Always ready to make a quick buck, Bubs will sell anything, including letters off the sign on his stand. Besides the Concession Stand, he seems to run a few other businesses on the side, many of which are decidedly shady in nature. This includes performing almost any service that someone wants done, such as being a "questionable doctor" or a "paranormal investigator." It is implied that he is often involved in destroying and/or covering up evidence of crimes. He also sells bologna sandwiches from his truck to the other residents of Free Country, USA. His best friend appears to be Coach Z, although the coach often gets on his nerves. He has an alter ego of "the Thnikkaman", though nobody (with the occasional exception of Homestar) knows that the Thnikkaman is just Bubs in sunglasses with a piece of paper taped to his chest that says "tH".

Coach Z
Coach Z is the eccentric "coach" of the residents of Free Country, USA, though it is unclear exactly what he coaches.

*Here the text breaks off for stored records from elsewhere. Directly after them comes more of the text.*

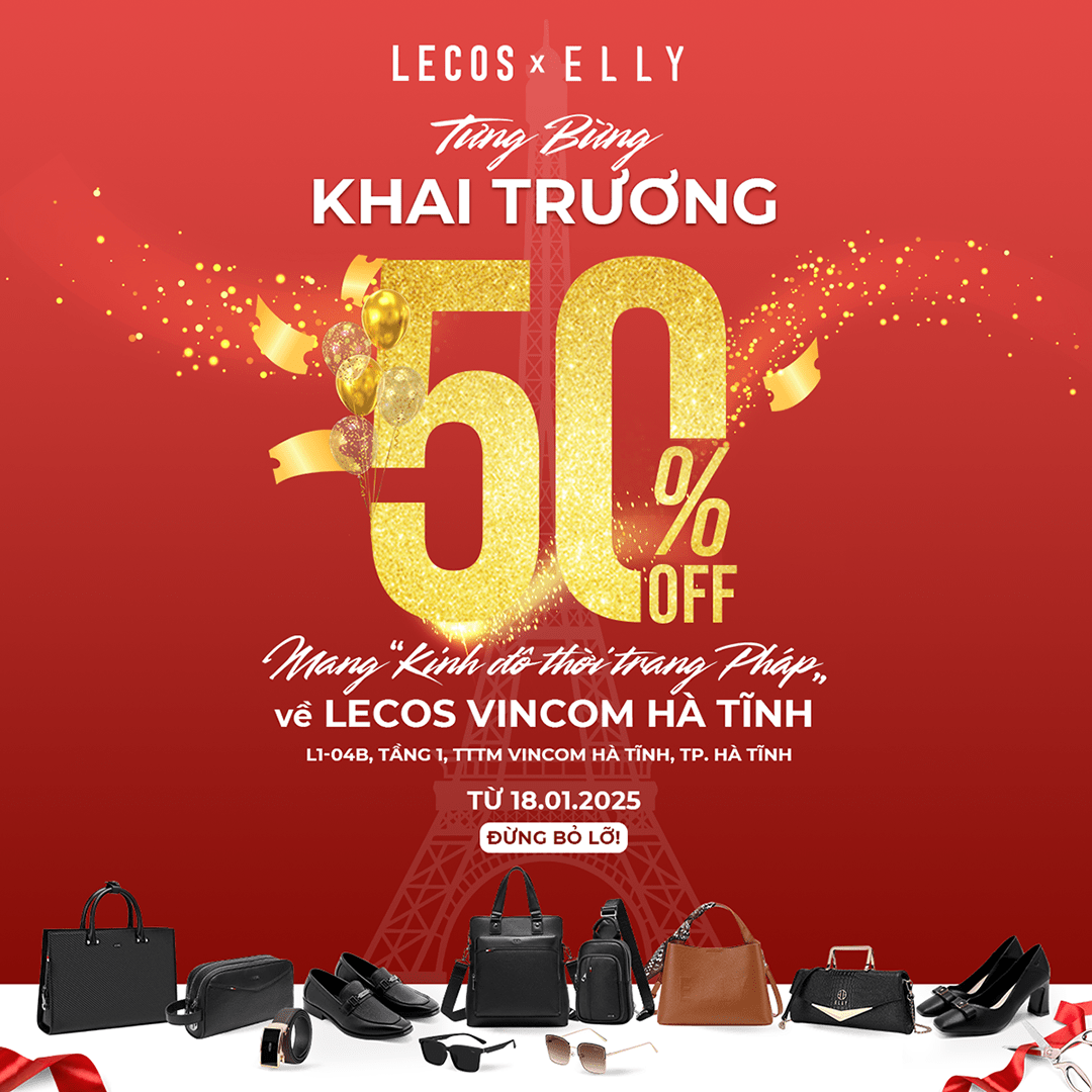 Cùng sứ mệnh đem đến phong cách phụ kiện thượng lưu mang đậm dấu ấn của kinh đô thời trang Pháp phủ rộng toàn quốc, Showroom LECOS & ELLY – 02 thương hiệu phụ kiện thời trang Nam/ Nữ hàng đầu Việt Nam nổi bật với nét thanh lịch trong kiểu dáng & đẳng cấp với chất liệu da thật từ Italia, chính thức khai trương cùng khuyến mãi khủng GIẢM 50% TOÀN BỘ SẢN PHẨM tại địa chỉ L1-04B Tầng 1 TTTM VINCOM Hà Tĩnh - P. Hà Huy Tập - TP. Hà Tĩnh.
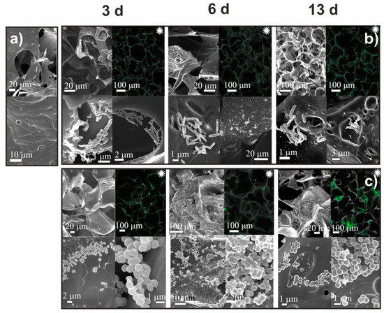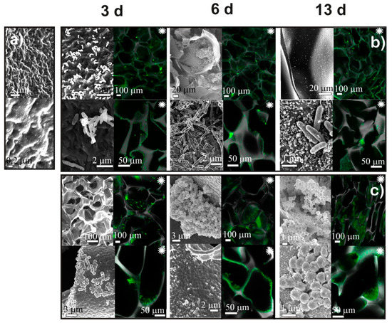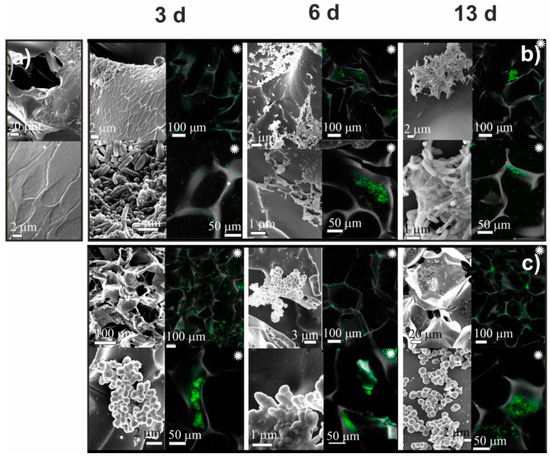 The results of SEM and CLSM observations of CH-BD cryogel before (a) and after cultivation for 3, 6, and 13 days Pseudomonas fluorescens (b) and Staphylococcus aureus (c). Black and white images—SEM, colored images marked with asterisk (∗)—CLSM.
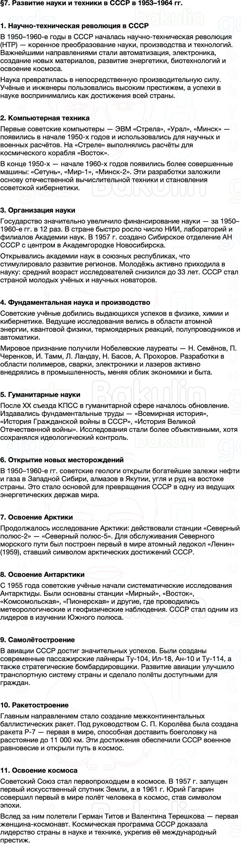 Правильный ответ к заданию Краткий пересказ содержание История России 11 класс Мединский, Торкунов 2025 Параграф, номер 7 бесплатно онлайн
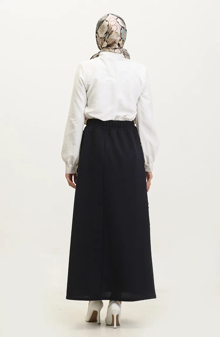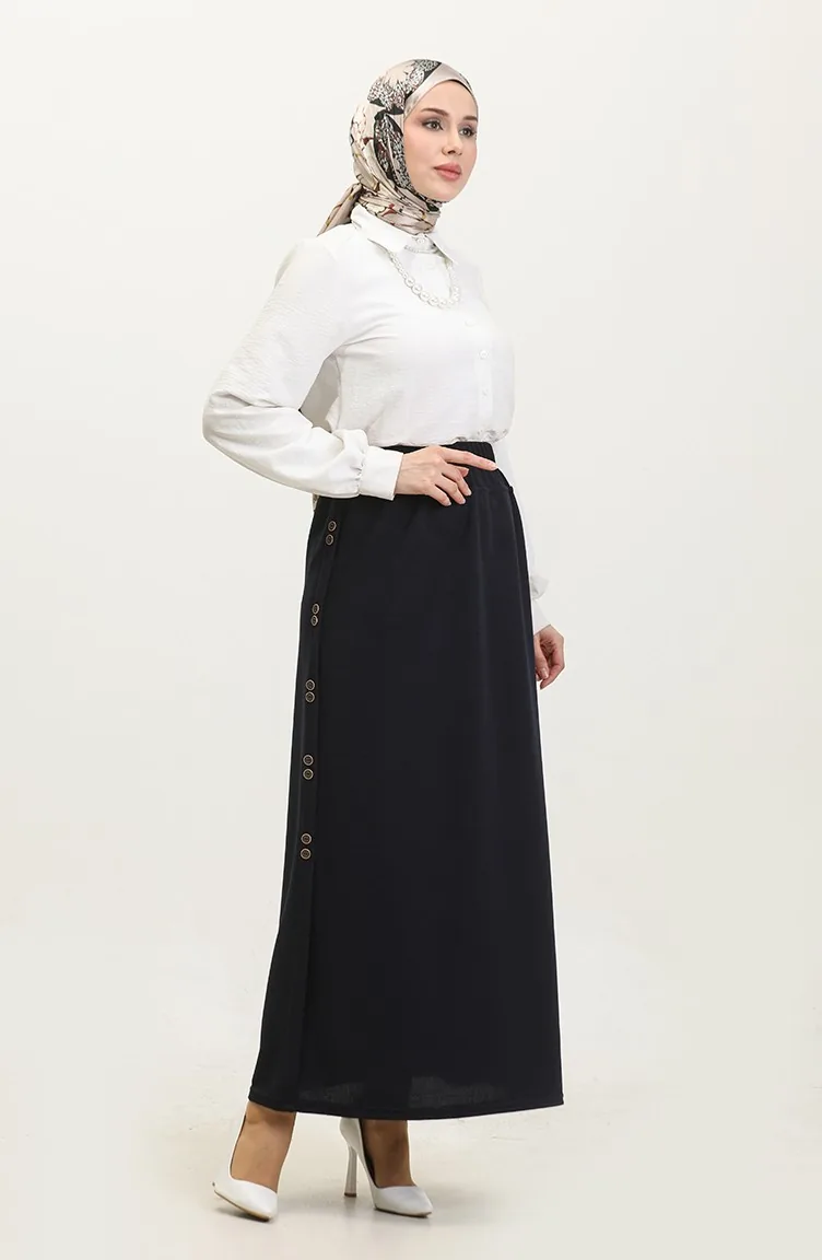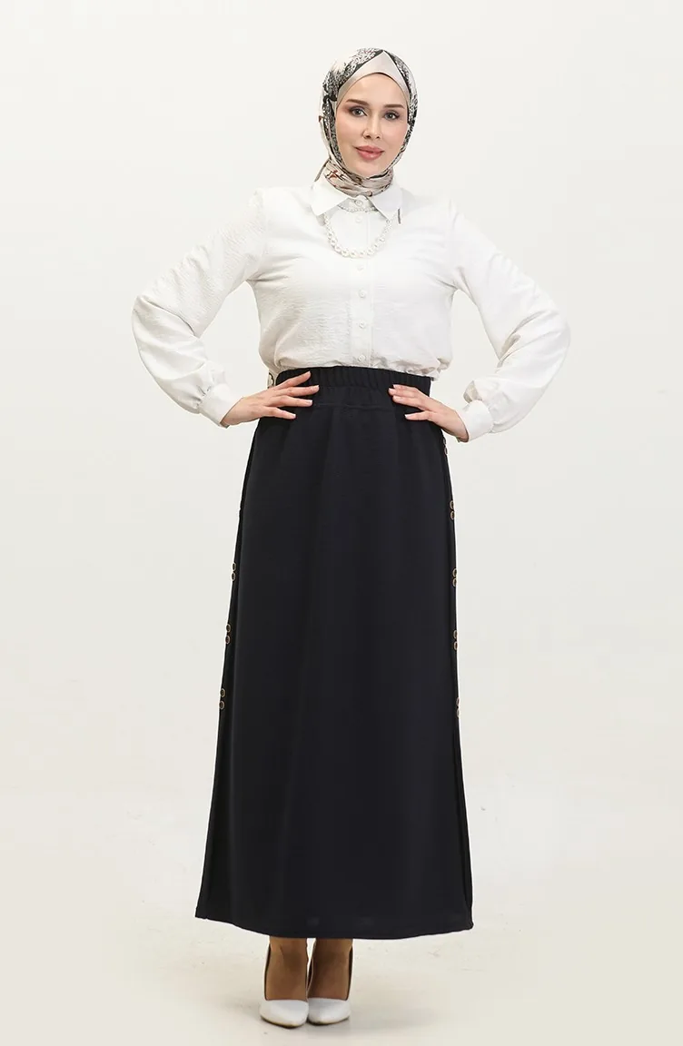 Büyük Beden Düğme Detaylı Etek 4206-07 Lacivert
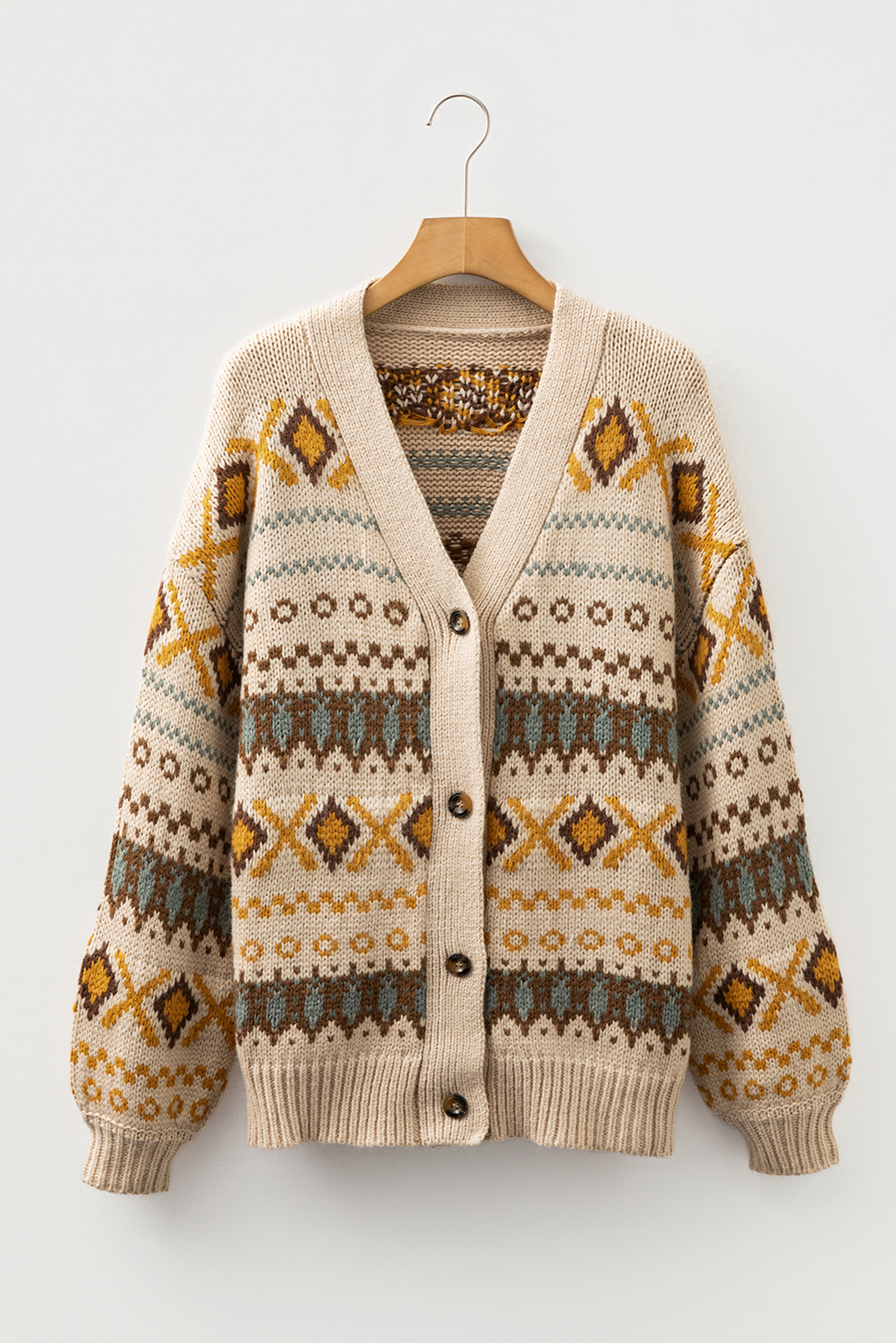 When you want something that feels as good as it looks, Hana Pattern Knitted Cardigan Sweater has you covered. Western cardigan adds a trendy cowboy-chic vibe to your everyday outfit. Button-up V neck cardigan layers perfectly over tees and turtlenecks. Soft, warm fabric makes this knit cardigan ideal for chilly weather style. Unique Aztec-inspired pattern offers standout style. Material: 65%Acrylic+35%Polyamide.
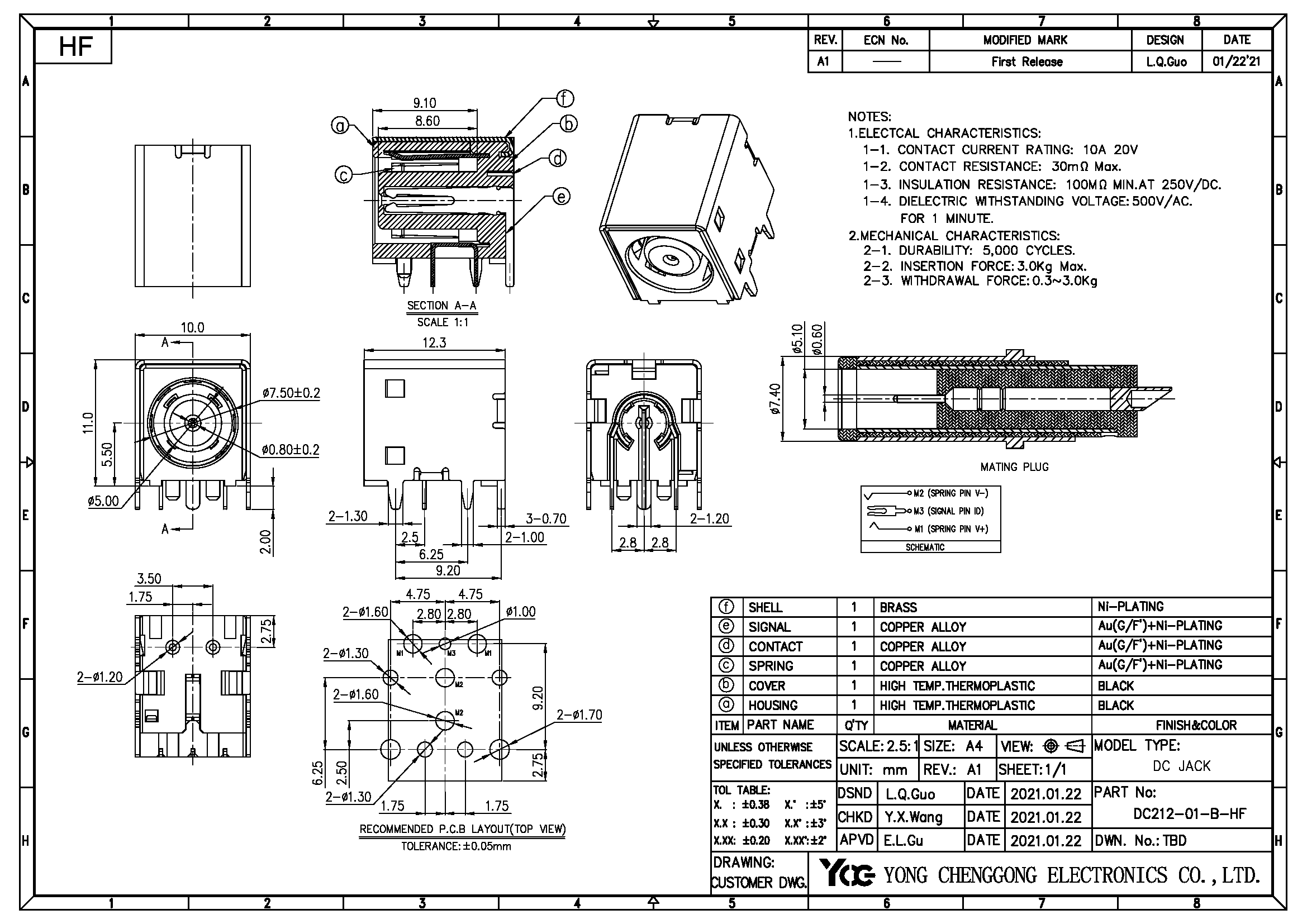 DC212 DC POWER JACK,φ0.75mm, R/A DIP WITH SHELL
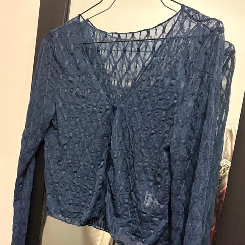 Dette er en nydelig T-skjorte/bluse i denim style/farge, med heklete blonder i fronten. Den litt "urolige" stilen gjør den veldig anvendelig til de mange ulike denim bukse-fargene. Den er nesten litt gjennomsiktig på ermene og bak (se egne bilder), men undertøyet synes ikke. Kan ikke finne en lapp, men tror den er fra danske NÜ.
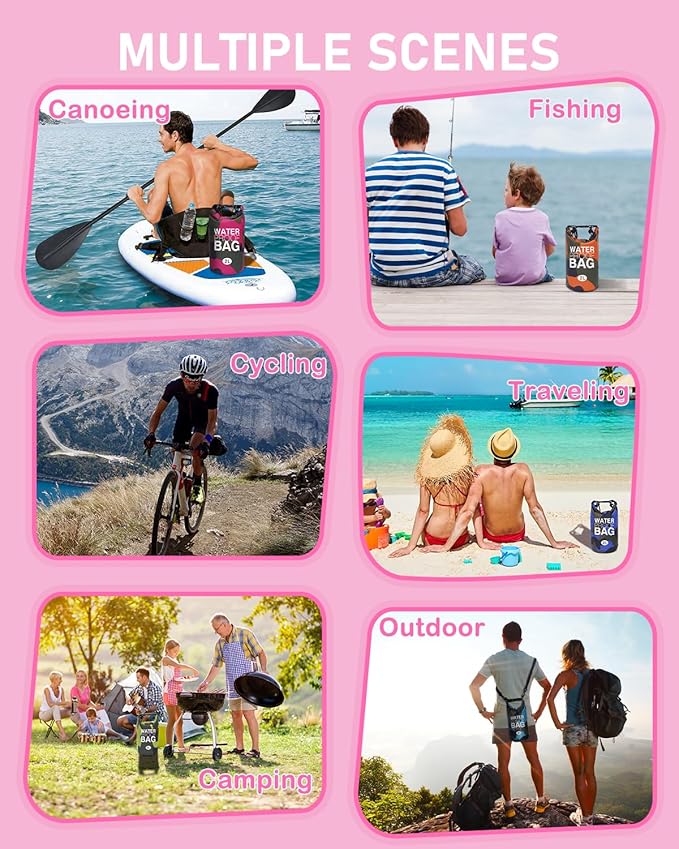 • Great Matching for Versatile Use: The 2L roll top backpack sack is very useful for water activities, including swimming, kayaking, beach trips, rafting, boating, hiking, camping, and fishing. Perfect for both wet and dry storage needs.
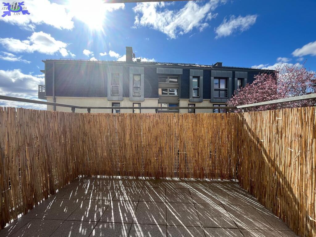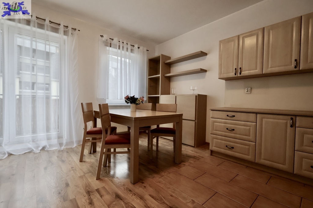 - Pokój umeblowany z kuchnią w aneksie i wyjściem na słoneczny balkon.
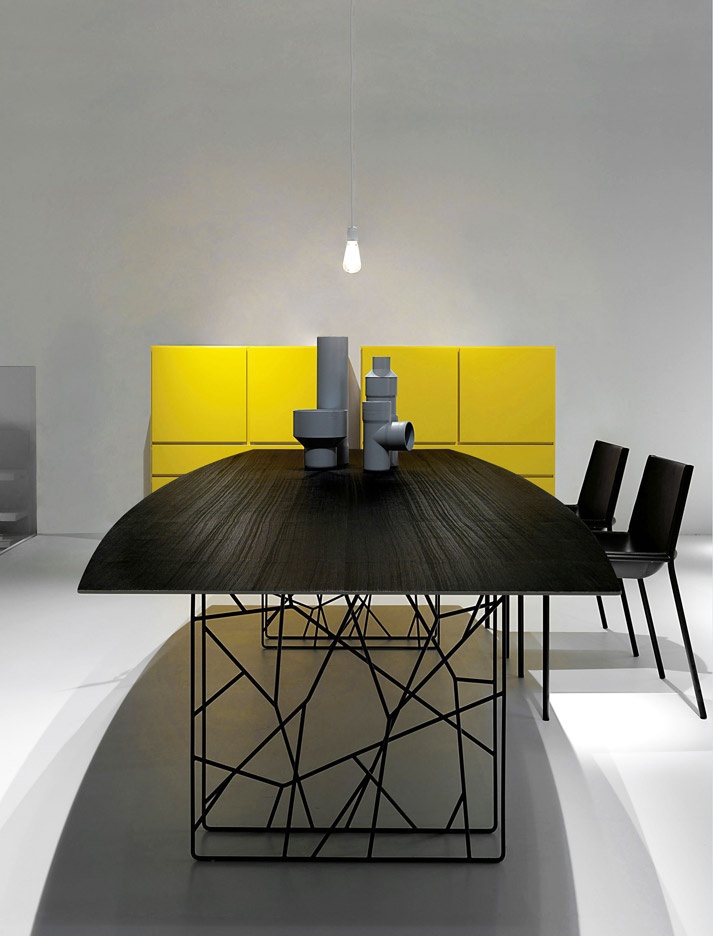 The Synapsis table by Italian manufacturer Porro. Model on a frame of twisted steel rods, forming a web. Offers a large selection of countertops. The modern design. Colours in stock.
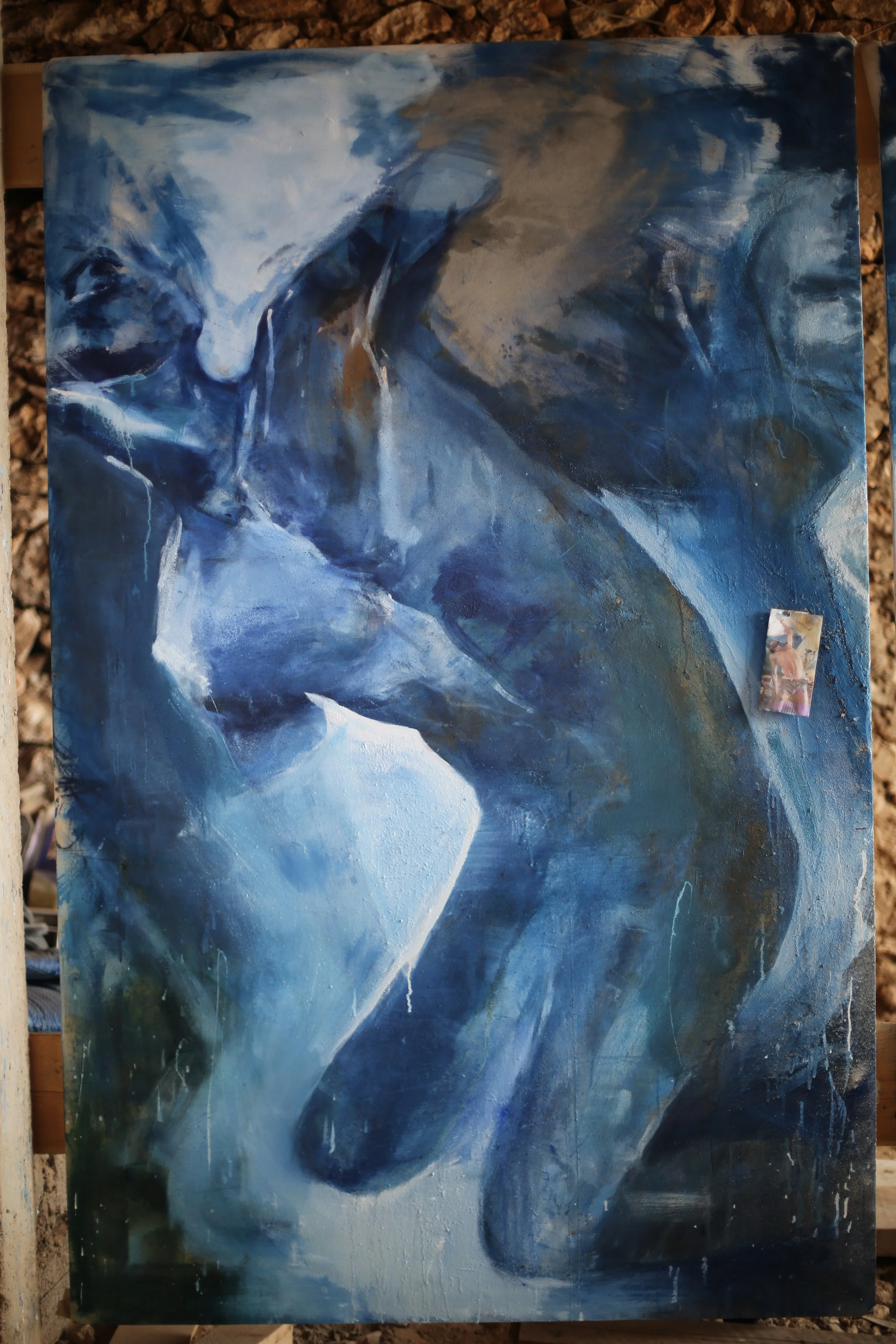 As you can see, the whole painting is created by a variety of different blues, the unique colour for this particular scroll within the scroll series as a whole. I’m fascinated with the colour blue. It’s one of the most illusive colours, one of the hardest to find in nature. Naively for a while I thought you might not even be able to find it in nature, so I was obsessed with this idea of how did the Moroccans create it, how did the Chinese create it, how did the Egyptians create it – and what was particular about these specific cultures that inspired them to create this colour. So this is actually another side project, my sort of search for blue, and I plan on going to these other countries and learning the origins and the technique of creating this blue. As a painter, I think it’s incredibly important to learn how to actually create the pigments. I got the blue pigment itself at a small little spice shop in Essaouira. These blues come from shells, or the rocks of the Atlas mountains, or the flowers you find up north near Chefchaouen. And so it’s all a variety.

He has a strong Upper Midwestern accent, which sometimes gets him into trouble and is thought to be fake, and frequently mispronounces words to increasingly ludicrous degrees. He almost never says anything negative to anyone, and he often offers more encouragement than is needed. He wears a blue and purple baseball cap and a large gold "Z" emblem around his waist, but it is unclear whether his bright green color is his skin or a body suit.

Coach Z also seems to have mental and gender confusion problems, as evidenced by his time spent "talking to his parents" on a disconnected telephone, and claiming to be a mother. He has even stated on one occasion that he sometimes "forgets what's real, and what's just in [his] head". He also has trouble managing his money, causing his electricity to be shut off one year. He is quite lonely and has an unrequited crush on Marzipan, very often making inappropriate romantic gestures to her, especially on her answering machines. He is very fond of hip-hop and often refers to it in conversation. He is also an aspiring rapper, recording several songs, including "These Peoples Try to Fade Me", "Hip-Hop Dance", "Rap Song", and "Fish Eye Lens (ft. Strong Bad)".

Pom Pom
Pom Pom is a Pom from the Isle of Pom. Pom Pom, like all Poms, appears to be inflated. His body consists of a yellow sphere with an orange stripe. His oval head, triangular arms and feet are the same color orange. Pom Pom's eyes are black ovals and he has no visible mouth. He talks by making bubbly noises that only the characters can understand and can absorb objects into his body for storage. Along with Marzipan and The Poopsmith, Pom Pom is the only main character not voiced by Matt Chapman; his 'voice' is a recycled sound clip of Mike Chapman blowing bubbles in milk. Pom Pom is Homestar Runner's best friend, but he sometimes hangs out with Strong Bad as well. It has been hinted that Pom Pom is a superb athlete, martial artist, and rich to boot. His nationality has been vaguely hinted at a variety of times: his parents are known as General and Fräulein Pom Pom. His father owns a film production company which allows Pom Pom to direct indie films. He appears in the game Dangeresque Roomisode 1: Behind the Dangerdesque, as a take-out guy. He makes a cameo in the beginning cutscene of Poker Night at the Inventory as he leaves a previous poker game before you arrive.

The King of Town
The King of Town is the self-proclaimed ruler of Free Country, USA. His head is completely white, with black lines for eyes, a mustache and a beard (though it has been suggested that the white is fur or hair, as he has pink flesh underneath). He wears a gold crown and what appears to be a red robe with white trim with no arms. He is a known glutton that will eat almost anything in front of him (including toilet paper and other inedible items) and anything with the word "butter" in its name. Apparently, the only foods he doesn't like are those which contain peas. He tends to speak with an older but jolly tone of voice, usually saying "doo hoo hoo hoo" to represent his hearty laughter. He apparently got overweight by eating the lifetime supply of fishsticks that was in the egg that contained The Cheat.

The Poopsmith
The Poopsmith is a character whose job is the King of Town's "poopsmith," though it is never explained what this actually entails. His body is peach-colored and egg-shaped, and he has small blue legs and feet, a white head, and an enormous underbite. He always wears a pair of large orange gloves stained with "whatsit," which has been implied to be feces, and he is usually seen carrying a large shovel used to dig through a pile of whatsit outside the King's castle.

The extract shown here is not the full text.